After fifteen minutes of sitting in the car with the windows down, he had ignored two different women because he didn’t know them. They were older than the crowd he had caught as runaways and he didn’t want to broadcast what he was doing if the likelihood of success wasn’t good.

Finally a young woman approached the car slowly, high heels slowing her progress over the uneven asphalt, sounding like an old telegraph, tapping out an uncertain message. She leaned into his open window and said, “Hey there…” Then stood up, “Oh shit, Stall.”

Stallings eased out of the car so the girl wouldn’t start running in those high heels and break her leg.

“Don’t worry, Tabitha. I’m looking for someone. You’re not done for the night yet.”

She placed her hand over her large fake breasts and smiled. “You scared the shit out of me. I thought you were a real cop.”

Stallings smiled at the comment. Many of the young people Stallings looked for in missing persons got to know him as a person, not just a cop. He always talked to them before bringing them into a shelter or back to their parents. It was as much for him and his efforts to understand his own Jeanie as it was to help the kids. But they realized he was doing what he thought was best for them and they told their friends. After three years in the missing persons unit, he had a network in the city unlike any other cop. He may not have been able to work drug cases with informants like this, but he damn sure could find anyone that was in the city whether they wanted to be found or not.
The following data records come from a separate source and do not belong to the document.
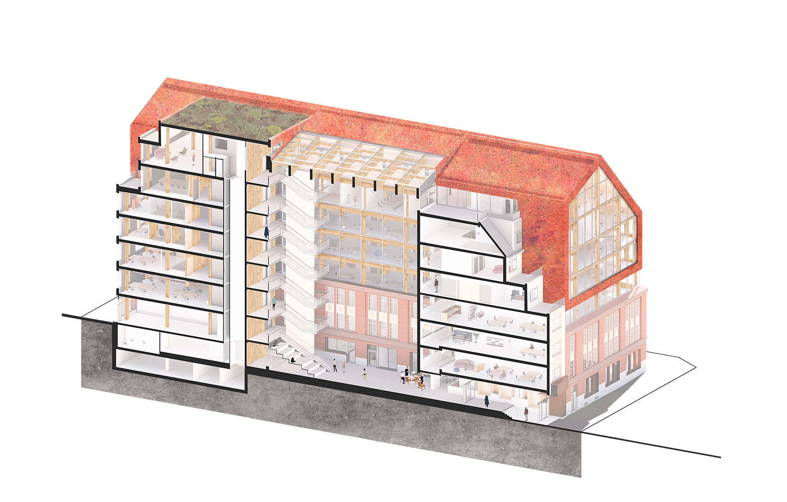– Att använda trä i påbyggnaden var ett ganska självklart val för oss. Utöver klimatnyttan visste vi att det skulle resultera i färre förstärkningsåtgärder och att det skulle finnas besparingar att göra i en snabbare process. Vi såg också massor av fördelar med att exponera träet invändigt eftersom det ger en hälsosammare inomhusmiljö och är ett vänligt material som det är lätt att trivas med, säger Matthew Eastwood, uppdragsansvarig arkitekt på Tengbom.
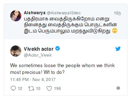 இது பற்றி இன்று ட்விட்டரில் பதிவிட்ட விவேக் “நாம் பொக்கிஷமாக நினைக்கும் ஒருவரை இழக்க நேரிடுகிறது. என்ன செய்ய முடியும்?” என சோகமாக பதிவிட்டுள்ளார்.
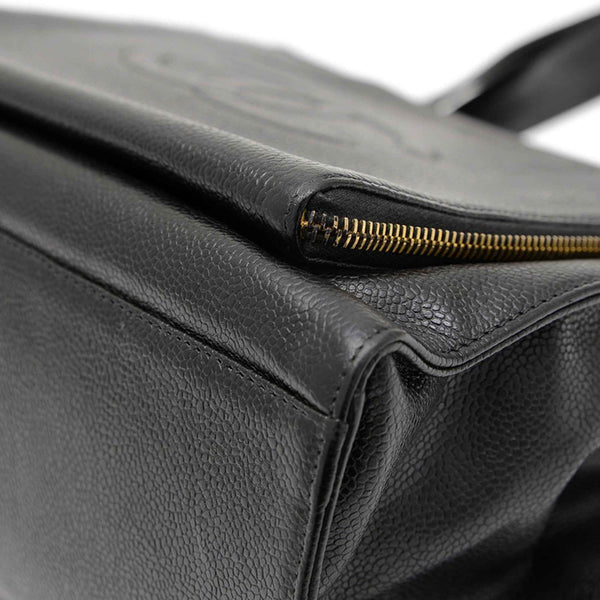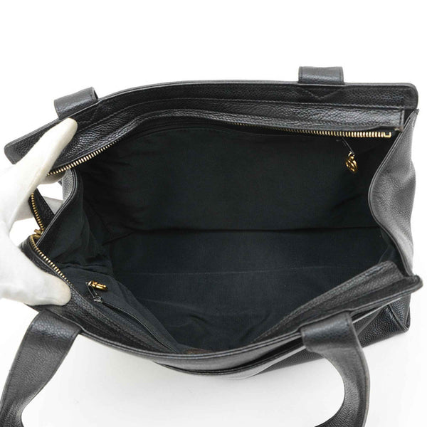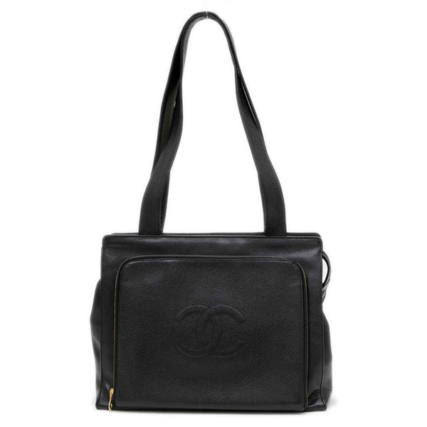 Chanel Coco Mark Shoulder Bag Tote Caviar Skin Black Vintage
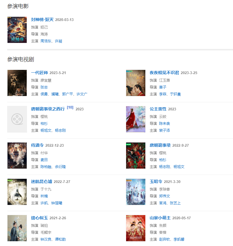 2017年6月,主演的《旋風(fēng)辣妹》在愛(ài)奇藝視頻上映;11月,主演的古裝武俠劇《拜見(jiàn)宮主大人》播出。2019年3月,主演的古裝武俠劇《拜見(jiàn)宮主大人Ⅱ》播出。
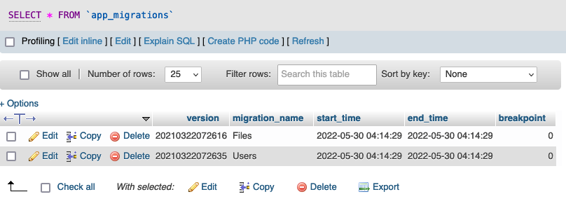 Итак, при запуске composer db:migrate Phinx смотрит на имеющиес миграции и выполняет новые. Как он знает, какие миграции уже были выполнены? Очень просто - он сохраняет их имена в таблице old_migrations.

Stallings said, “What’re you doin’ out here anyway? I thought you were dancing over near Fernandina.”

“I lost the gig and can’t renew my adult entertainment license yet.”

“Why not?”

She hesitated.

“I won’t do anything, just curious.”

She nodded and said, “I got paper on me.”

“What for?”

“Possession, failure to appear.”

“Why didn’t you go to court, Tabby? You’re smarter than that.”

“Just got caught up in things. I’m gonna take care of it, I swear.”

He shook his head. “I’m out here because I’m looking for someone.”

“Who?”

“All I have is a name-Jamais.”

She thought about it, her pretty face running through the database of names and aliases she’d learned while living in Jacksonville. Finally she shook her head. “Doesn’t ring a bell.”